— AIM OF THE EXERCISE —
Give all of the data again exactly as written, omitting every image.

— DATASET SECTION —
□ □ □ □ □ □ □
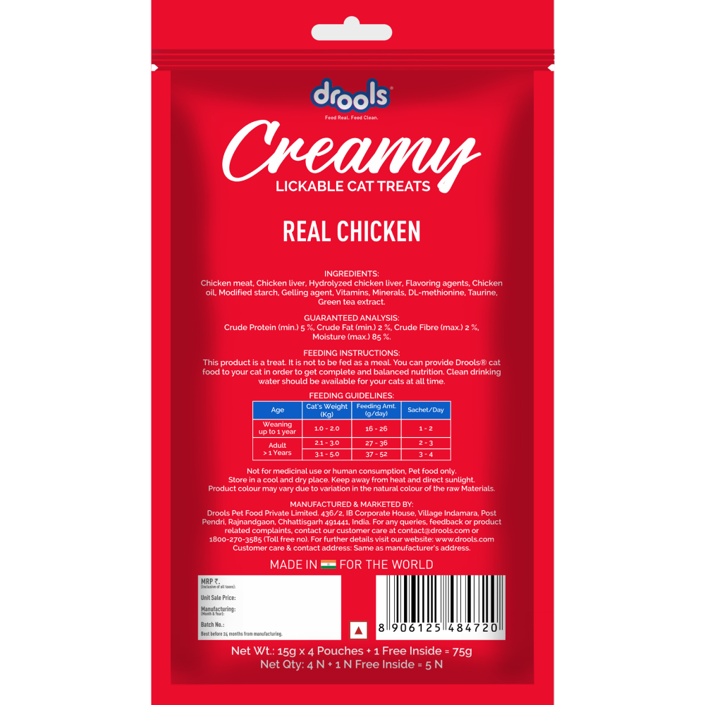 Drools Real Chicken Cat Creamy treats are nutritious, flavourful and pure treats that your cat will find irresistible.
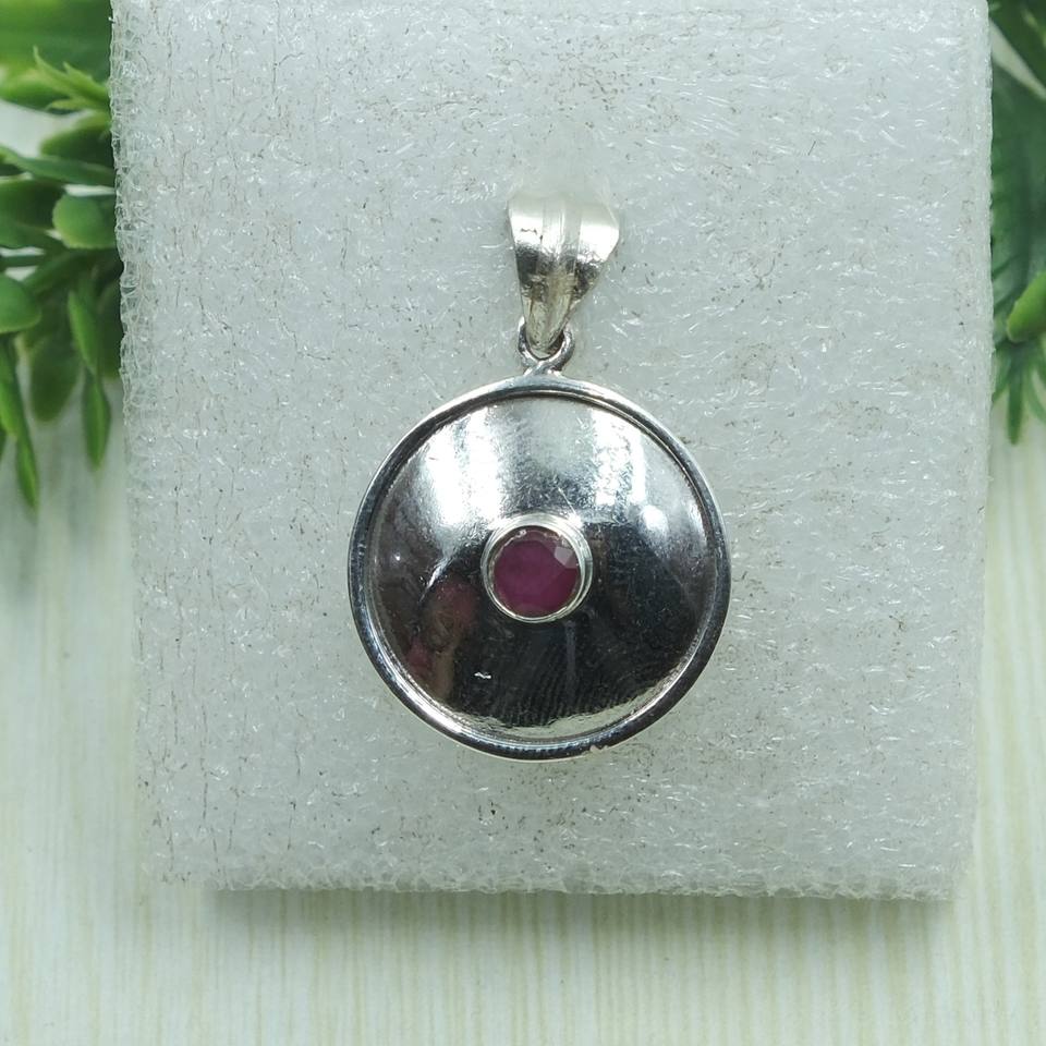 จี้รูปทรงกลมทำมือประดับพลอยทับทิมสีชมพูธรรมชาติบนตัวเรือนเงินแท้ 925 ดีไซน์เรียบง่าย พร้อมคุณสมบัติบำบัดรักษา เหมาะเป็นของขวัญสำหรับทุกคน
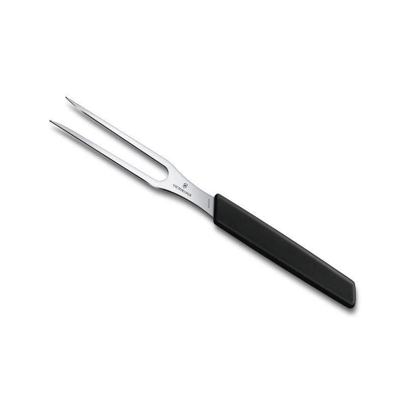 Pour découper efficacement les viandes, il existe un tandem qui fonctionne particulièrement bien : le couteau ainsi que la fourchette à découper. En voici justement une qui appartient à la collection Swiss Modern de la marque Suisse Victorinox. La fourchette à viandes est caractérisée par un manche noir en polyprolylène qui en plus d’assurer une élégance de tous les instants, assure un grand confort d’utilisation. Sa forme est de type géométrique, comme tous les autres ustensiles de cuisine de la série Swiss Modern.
□ □ □ □ □ □ □
— TASK ANSWER —
 Drools Real Chicken Cat Creamy treats are nutritious, flavourful and pure treats that your cat will find irresistible.
 จี้รูปทรงกลมทำมือประดับพลอยทับทิมสีชมพูธรรมชาติบนตัวเรือนเงินแท้ 925 ดีไซน์เรียบง่าย พร้อมคุณสมบัติบำบัดรักษา เหมาะเป็นของขวัญสำหรับทุกคน
 Pour découper efficacement les viandes, il existe un tandem qui fonctionne particulièrement bien : le couteau ainsi que la fourchette à découper. En voici justement une qui appartient à la collection Swiss Modern de la marque Suisse Victorinox. La fourchette à viandes est caractérisée par un manche noir en polyprolylène qui en plus d’assurer une élégance de tous les instants, assure un grand confort d’utilisation. Sa forme est de type géométrique, comme tous les autres ustensiles de cuisine de la série Swiss Modern.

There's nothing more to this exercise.